Sempra Energy CEO Donald Felsinger said the company will invest $10 billion over the next five years in its utilities and natural gas infrastructure businesses and is “fairly confident” the company can fund the program internally and by selling nonstrategic assets.

Speaking from Sempra’s headquarters in San Diego at a day-long conference Wednesday with Wall Street analysts, Felsinger and his management team laid out their strategic vision for the company through 2010. Strong internal growth and asset sales will help the company avoid issuing new stock to fund its capital expenditures for the next few years, the CEO said.

“This capital expenditure program is very big, the largest in Sempra history,” Felsinger told analysts in his opening remarks. Sempra plans to spend about $2 billion total every year on its capital program, upping the amount slightly in 2010.

Investments in its core utility operations will make up the bulk of Sempra’s investments, with about $6 billion over the next few years infused into its regulated utilities: San Diego Gas & Electric Co. (SDG&E) and Southern California Gas Co. Another $2 billion will go toward building liquefied natural gas (LNG) terminals and infrastructure, and $2 billion more will be put into natural gas pipelines and storage projects.

Sempra and Shell are building a 1,000 MMcf/d Energia Costa Azul LNG terminal in Baja California Norte, Mexico. It is scheduled to be operational in early 2008. In March, Sempra announced an open season for nonbinding bids for capacity in what could be up to a 1.5 Bcf/d expansion of the receiving terminal (see NGI, March 20). Sempra also is close to selling out the initial capacity of its Cameron, LA LNG import terminal, which is scheduled to begin construction in 2007 (see NGI, March 13). The Cameron terminal would have 1,500 MMcf/d of capacity.

“The LNG contributions will begin to show up in the next few years,” Felsinger said. The site work and permitting process has taken a lot of investment, but he noted that Sempra is committed to securing long-term contracts and “has held off on construction until we had long-term suppliers.” Both the Baja California and Cameron LNG projects are being launched with “turnkey contracts to mitigate the risks,” he said.

Sempra’s partnership with Kinder Morgan Energy Partners to build the 1,323-mile, $4 billion Rockies Express gas pipeline also is no fluke, Felsinger said. With the LNG projects under way, he said, Sempra’s internal research indicated that new gas infrastructure would be a necessity. The proposed pipe would bring Rocky Mountain gas east to markets in the Midwest and Northeast, with final completion anticipated by June 2009 (see NGI, March 6).

“We see natural gas continuing to be our infrastructure focus,” Felsinger said. “We will act decisively when we see an opportunity.”

Felsinger said he is encouraged by the regulatory environment in California, which he believes has improved in the past couple of years.

“There are great opportunities in California,” Felsinger said. “We are continuing to see attractive growth and demand in California, and all of this is supported by a very favorable regulatory environment…” He said Sempra’s visions are aligned with the California Public Utility Commission’s, and the company is gearing new utility investments to lower customer costs.

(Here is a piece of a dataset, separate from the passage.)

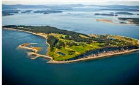
Gallery: James Island, B.C. for sale – US$75M

“California is back on track to deal with its own destiny,” Felsinger said of the regulatory environment. “It has some of the most aggressive growth plans…in the nation. California has put its history behind it and become very attractive.”

However, Sempra has no plans to build new generation in the state in the next few years. Its generation subsidiary recently completed construction of the 550 MW gas-fired Palomar plant in California, and ownership of the plant is being transferred to SDG&E, as planned.

“At the right price,” Felsinger also did not rule out asset sales, but there are few buyers in the market. He also said the company would admit when it was time to sell off assets that did not work, such as its energy services group, which it sold last week to Honeywell Building Solutions for an undisclosed amount. Felsinger said Sempra had “worked hard” to make its retail unit work, but he said there were better opportunities for ahead.

“This sale completes two objectives for Sempra Generation,” said Michael Niggli, Sempra Generation’s president. “It puts our energy-services business under the auspices of a well respected, international company that specializes in performance contracting, and allows [us] to concentrate on the efficient operation of existing power plant assets.”

Sempra is “going to focus on regulatory utilities and natural gas infrastructure” going forward, Felsinger said. “It’s attractive for contracted cash flows and earnings certainty.” More nonstrategic assets will be sold for the right price, but the CEO did not elaborate. “Expect us to do in the future much of what we’ve done in the past,” he said.

“The electricity business we have today…it would be difficult for us to sell in California, and I’m not sure I’d want to go through the process today. If that climate changes in California, and we see offers down the road, it will be something to think about. But today, there are no offers.”

In February, Sempra increased its 2006 earnings to a range of $3.40-3.60/share. On Wednesday, Sempra forecast 2007 earnings to range between $3.50 and $3.70, and by 2010, earnings are forecast to range between $4.20 and $4.75.